The event, which runs more than a week in August at Eastlink Centre and Red Shores Racetrack and Casino in Charlottetown, includes livestock and other agricultural displays and competitions, as well as a midway and harness racing.

Last week, the Old Home W eek board voted to suspend the event this summer, pending a resolution on the parking lot issue with Red Shores.

Hodder Acorn said Old Home Week and Red Shores, and various other partners, are currently working on a governance model that would oversee the event, Old Home Week, as a whole.

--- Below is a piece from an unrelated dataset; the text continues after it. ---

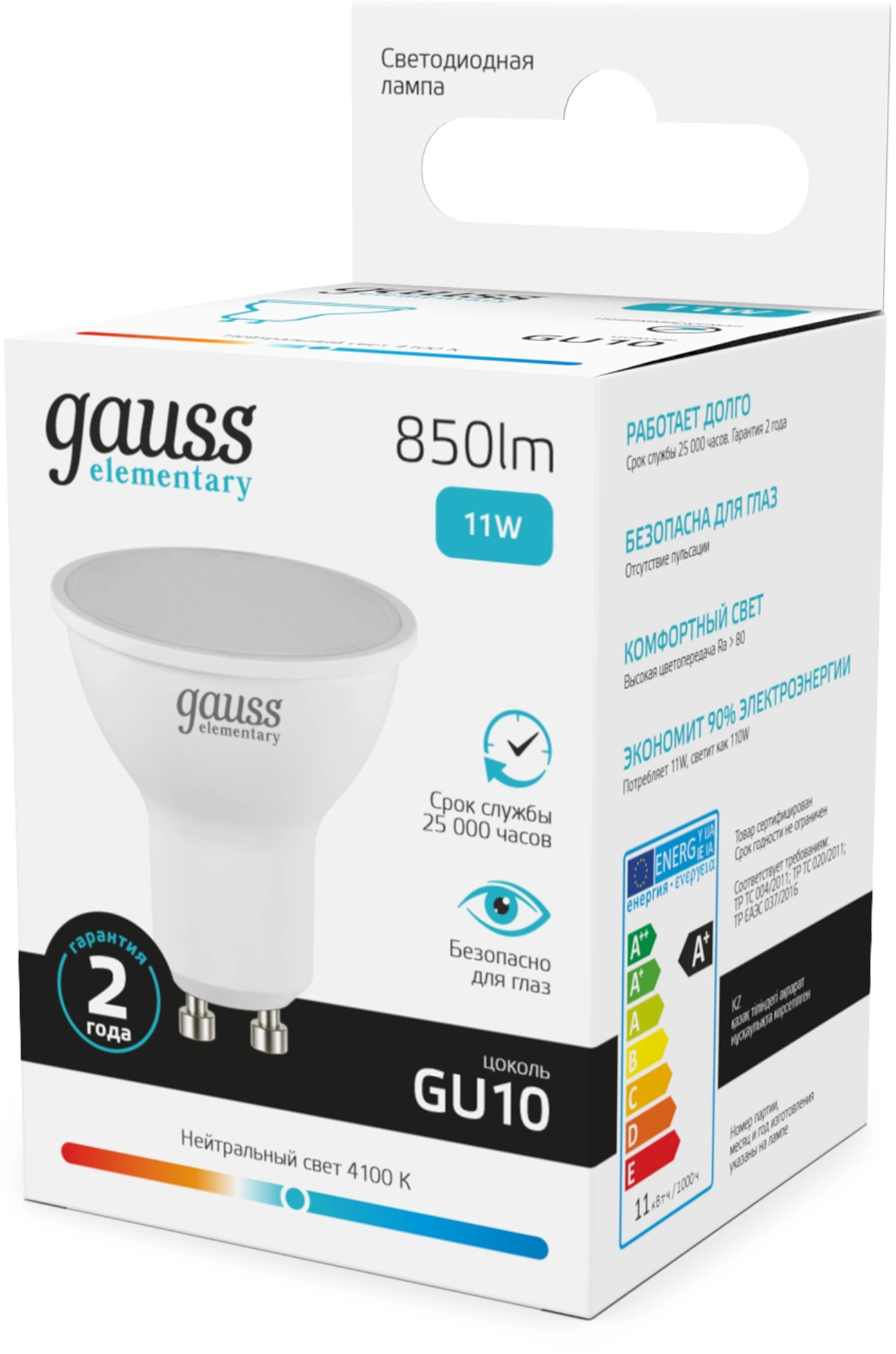Лампа светодиодная Gauss Elementary 13621 11Вт цок.:GU10 софит 180B св.свеч.бел.нейт. MR16 (упак.:10шт)

Right now, there are three distinct entities working together – Red Shores, harness racing and the exhibition.

“What that governance model will look like at the end we’re not sure.’’

As for Campbell Amusements, they’ll be dealing with 15 per cent less space this year.

Hodder Acorn isn’t sure what kind of reduction that will mean.

She said some from the company will be down to scout the Red Shores parking lot in July.

“(Someone from Campbell Amusements) will be down the first week of July to take a look at the footprint and see what (they) can actually put in.’’

Hodder Acorn said everyone is now turning their attention to where it belongs, “to working with the partners to provide customers, patrons and visitors that come to Old Home Week with the best possible experience’’.